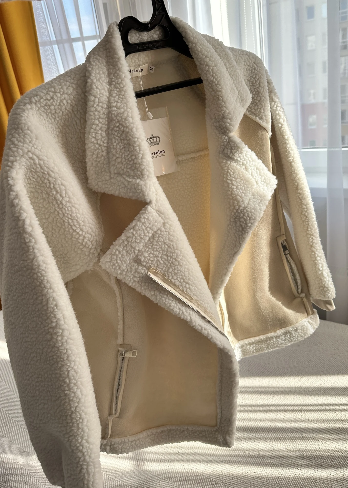 Dans l'ensemble, la veste n'est pas mal, mais les manches sont un peu courtes. Pour mes mesures, 50 cm de haut et 162 cm de bas, elle me va bien ; si elle avait été une taille plus grande, ce serait encore mieux. Livraison en 9 jours, très rapide. Bien sûr, ce n'est pas une veste d'hiver, mais il ne faisait pas froid avec plus de 5 degrés pour un costume en velours fin. Bon, bien sûr, ce n'est pas de la laine de mouton ; tout est synthétique, tant le cuir que la fourrure.
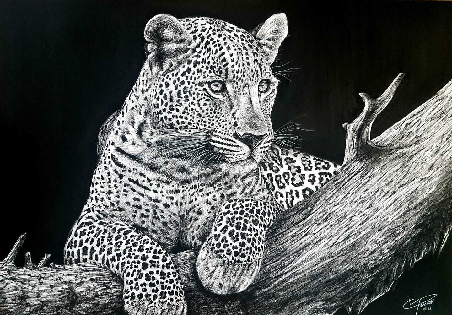Dès son plus jeune âge, ici à la Tour-du-Pin, Damien est tombé dans une marmite remplie de papiers et de crayons. Sa potion magique depuis ? Dessiner et reproduire des animaux plus vrais que nature en noir et blanc dans un safari aux accents crayonnés. De son outil fétiche la Pierre Noire, aux crayons de couleur, en passant par le stylo bille, c’est à la pointe de ces différentes mines qu’il donne vie à ses modèles, aux regards empreints de liberté, de sagesse ou de tendresse. Et c’est dans ce voyage en « Crayonie » qu’il vous invite au travers de cette exposition.
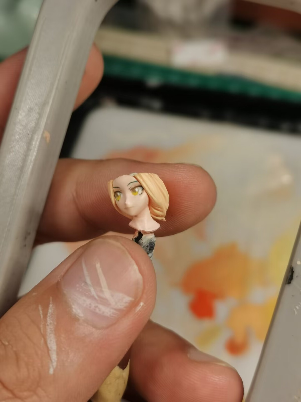 肤色和脸涂好了,正思考衣服往什么方向去润色,然后瞅到已经被我拿去吃灰很久的魔镜粉(本来是想代替部分金色丙烯颜料,但很难涂满就弃之不用)
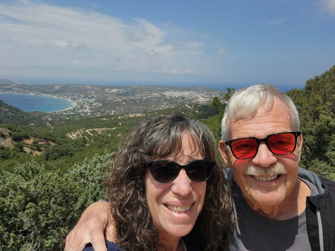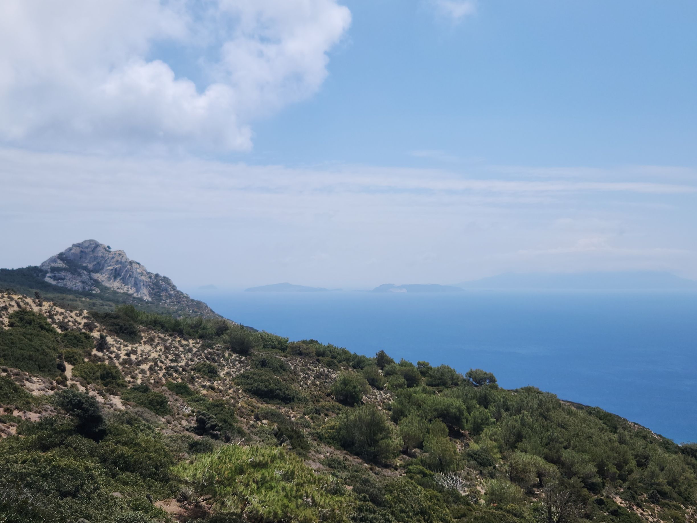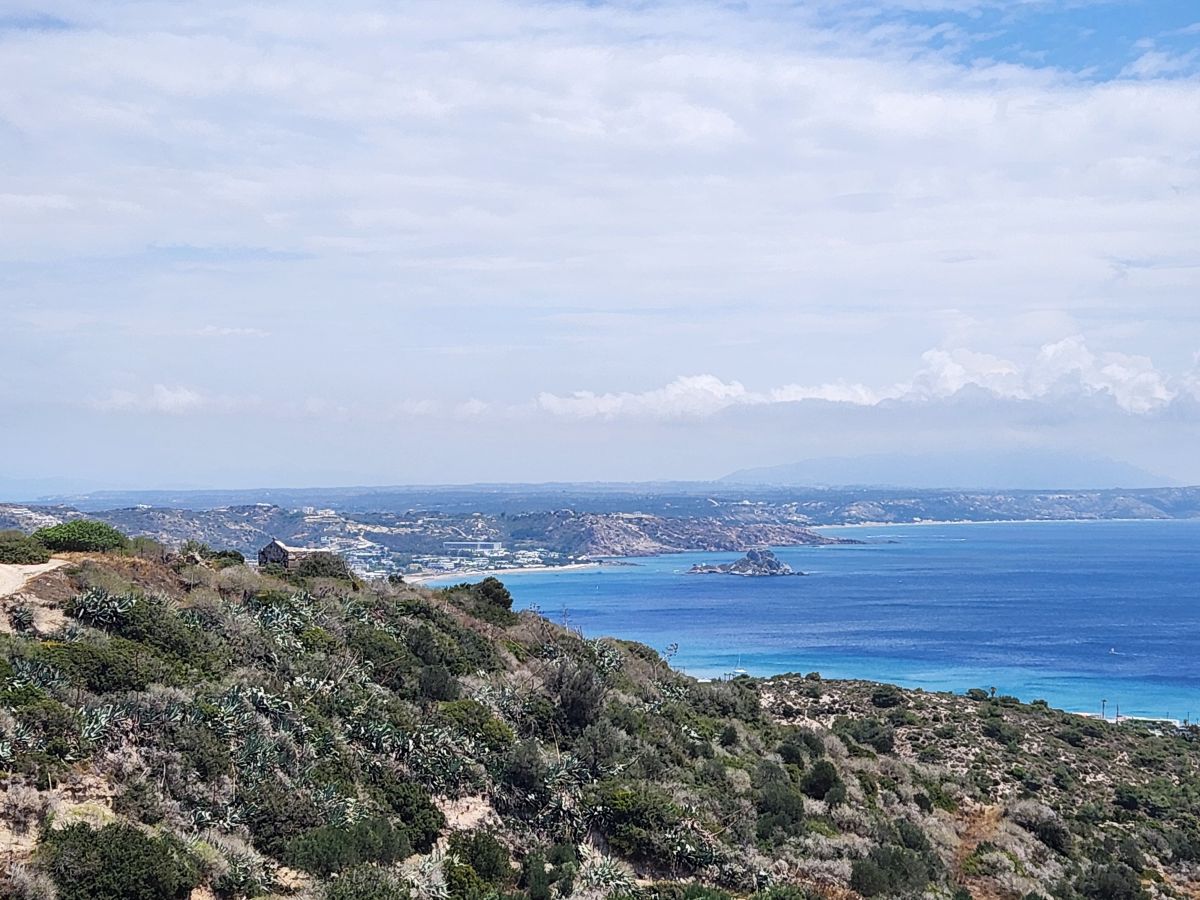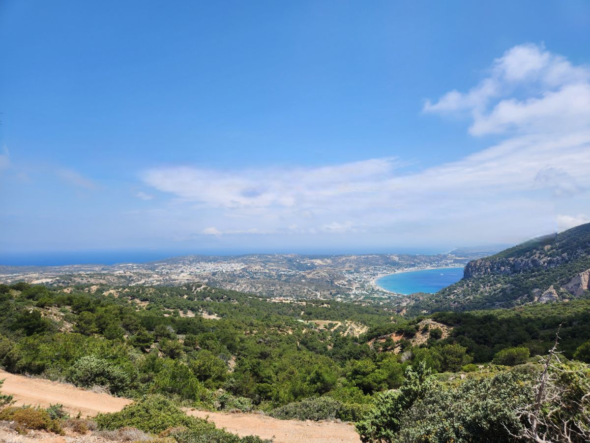 This place is fantastic! First of all, Ed is loving the drive, steep uphills, switch back curves, incredible views out over Kefalos Bay on one side and the Aegean Sea on the other. It is stunning up here. We stop at the viewpoint and walk down this dirt road with signposts that point to a church or monastery – but we’re not walking that far! We’re happy here with the stunning views across the mountains and the water. Beautiful – and a perfectly gorgeous way to waste time!
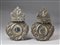 MANIFATTURA DEL XIX SECOLO - Coppia di cornici in rame argentato su legno contenenti medaglie, con decorazioni floreali e fitomorfe.
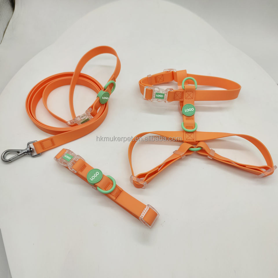 Product name:Custom Logo PVC waterproof Webbing Dog Collar Leash and Harness Set
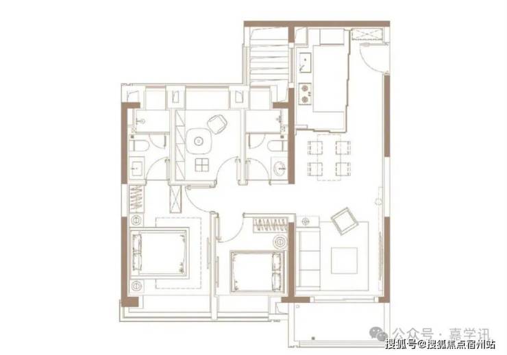 建面约100㎡3房2厅2卫,功能性和尺度感完美结合的3房户型。
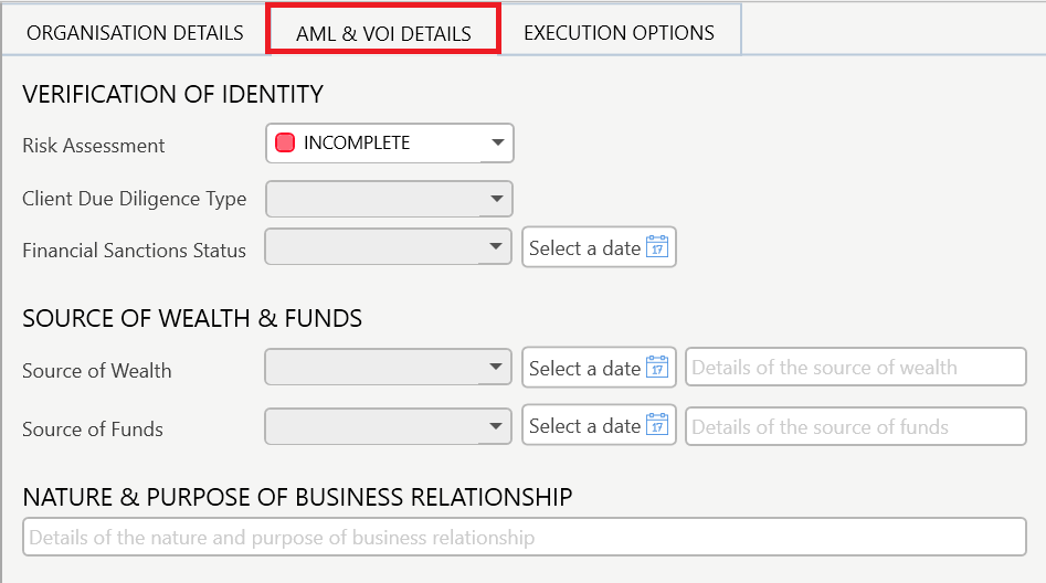 The AML & VOI Details tab is where you enter information regarding the organisation's AML status. This is a requirement as per AML/CTF Tranche 2 regulations coming into effect from July 1 2026.
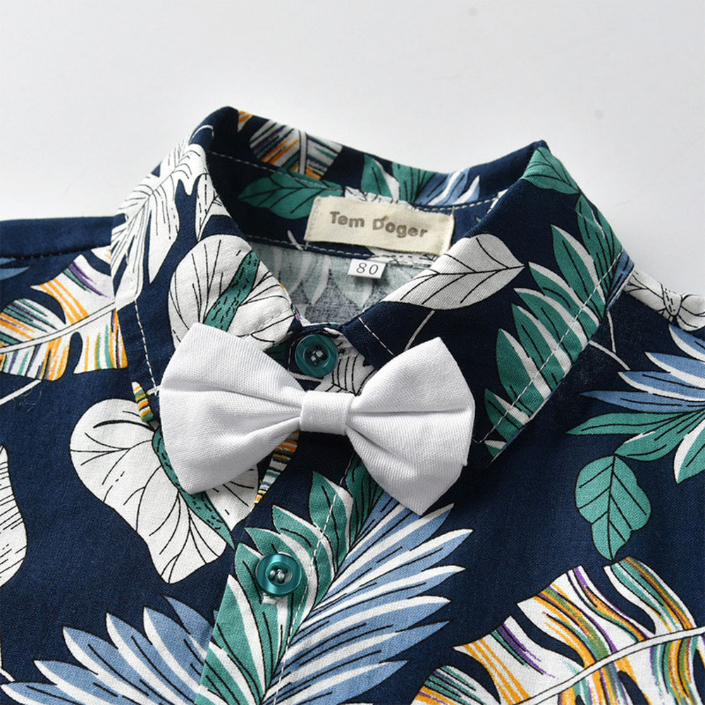 【BB273】韓版渡假花襯衫小領結兩件式吊帶長袖長褲套裝(1色)
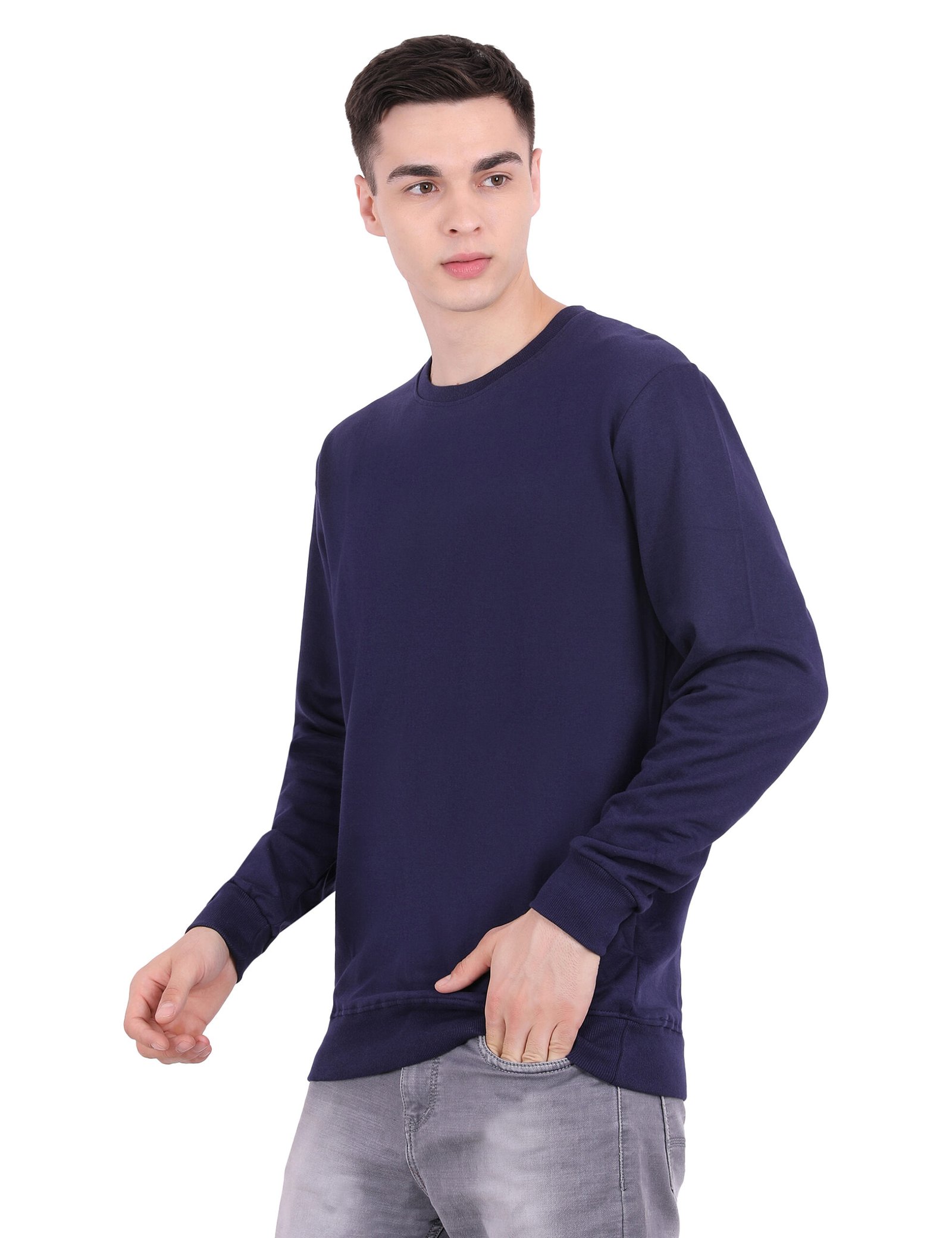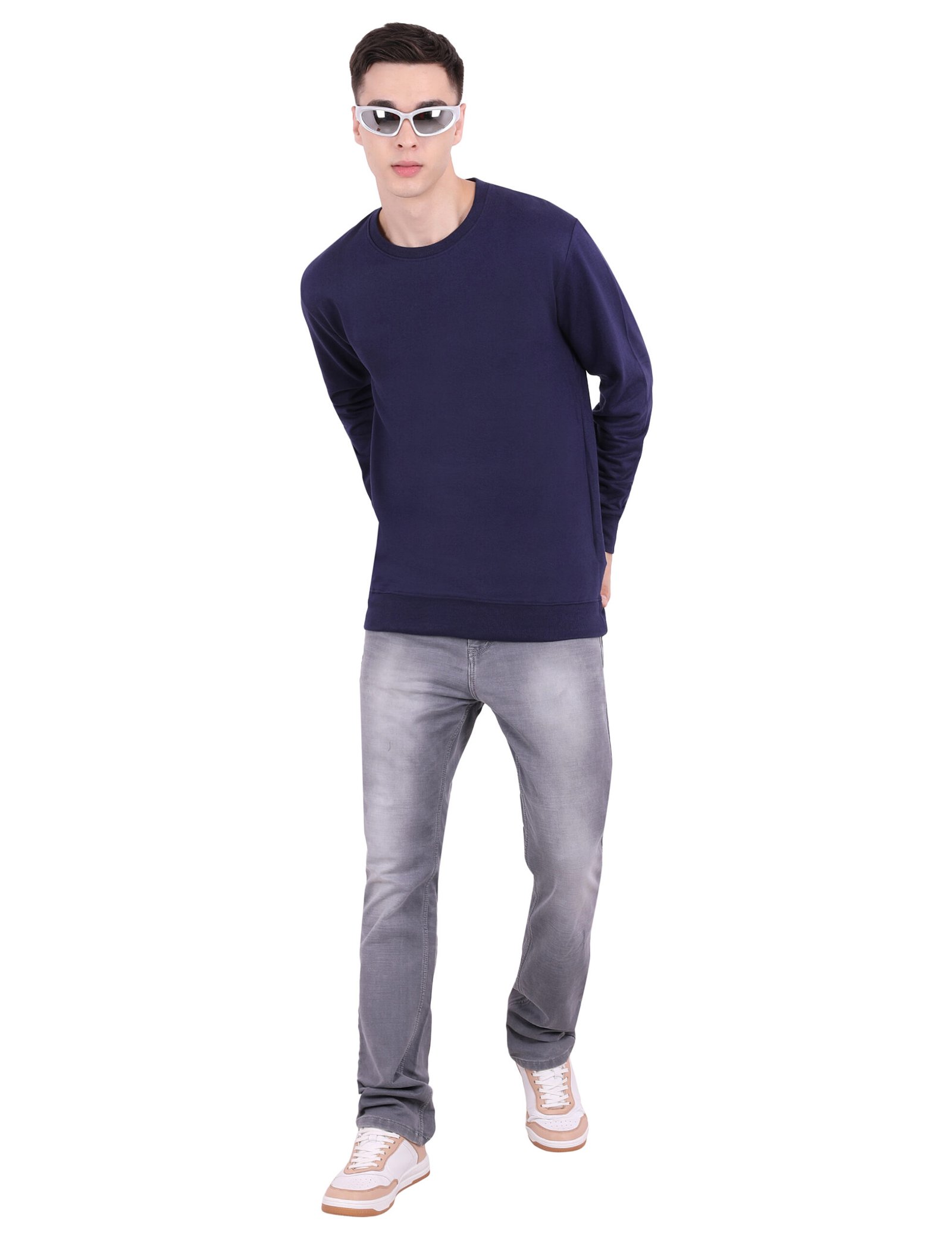 The fabric is a substantial, heavyweight fleece or French terry (or similar) that gives the pullover a structured, confident drape that maintains its shape beautifully. The rich Deep Navy color offers incredible versatility, easily pairing with denim, chinos, or joggers. Key features include a durable ribbed crew neck, as well as matching ribbed cuffs and hem (assuming it’s a typical sweatshirt design), all contributing to its premium feel and longevity. The oversized, relaxed fit makes it ideal for layering over tees or wearing solo for a comfortable, modern silhouette.

» Prompt
Omit pictures and output the listing exactly.

» Solution for this task
 Dans l'ensemble, la veste n'est pas mal, mais les manches sont un peu courtes. Pour mes mesures, 50 cm de haut et 162 cm de bas, elle me va bien ; si elle avait été une taille plus grande, ce serait encore mieux. Livraison en 9 jours, très rapide. Bien sûr, ce n'est pas une veste d'hiver, mais il ne faisait pas froid avec plus de 5 degrés pour un costume en velours fin. Bon, bien sûr, ce n'est pas de la laine de mouton ; tout est synthétique, tant le cuir que la fourrure.
Dès son plus jeune âge, ici à la Tour-du-Pin, Damien est tombé dans une marmite remplie de papiers et de crayons. Sa potion magique depuis ? Dessiner et reproduire des animaux plus vrais que nature en noir et blanc dans un safari aux accents crayonnés. De son outil fétiche la Pierre Noire, aux crayons de couleur, en passant par le stylo bille, c’est à la pointe de ces différentes mines qu’il donne vie à ses modèles, aux regards empreints de liberté, de sagesse ou de tendresse. Et c’est dans ce voyage en « Crayonie » qu’il vous invite au travers de cette exposition.
 肤色和脸涂好了,正思考衣服往什么方向去润色,然后瞅到已经被我拿去吃灰很久的魔镜粉(本来是想代替部分金色丙烯颜料,但很难涂满就弃之不用)
 This place is fantastic! First of all, Ed is loving the drive, steep uphills, switch back curves, incredible views out over Kefalos Bay on one side and the Aegean Sea on the other. It is stunning up here. We stop at the viewpoint and walk down this dirt road with signposts that point to a church or monastery – but we’re not walking that far! We’re happy here with the stunning views across the mountains and the water. Beautiful – and a perfectly gorgeous way to waste time!
 MANIFATTURA DEL XIX SECOLO - Coppia di cornici in rame argentato su legno contenenti medaglie, con decorazioni floreali e fitomorfe.
 Product name:Custom Logo PVC waterproof Webbing Dog Collar Leash and Harness Set
 建面约100㎡3房2厅2卫,功能性和尺度感完美结合的3房户型。
 The AML & VOI Details tab is where you enter information regarding the organisation's AML status. This is a requirement as per AML/CTF Tranche 2 regulations coming into effect from July 1 2026.
 【BB273】韓版渡假花襯衫小領結兩件式吊帶長袖長褲套裝(1色)
 The fabric is a substantial, heavyweight fleece or French terry (or similar) that gives the pullover a structured, confident drape that maintains its shape beautifully. The rich Deep Navy color offers incredible versatility, easily pairing with denim, chinos, or joggers. Key features include a durable ribbed crew neck, as well as matching ribbed cuffs and hem (assuming it’s a typical sweatshirt design), all contributing to its premium feel and longevity. The oversized, relaxed fit makes it ideal for layering over tees or wearing solo for a comfortable, modern silhouette.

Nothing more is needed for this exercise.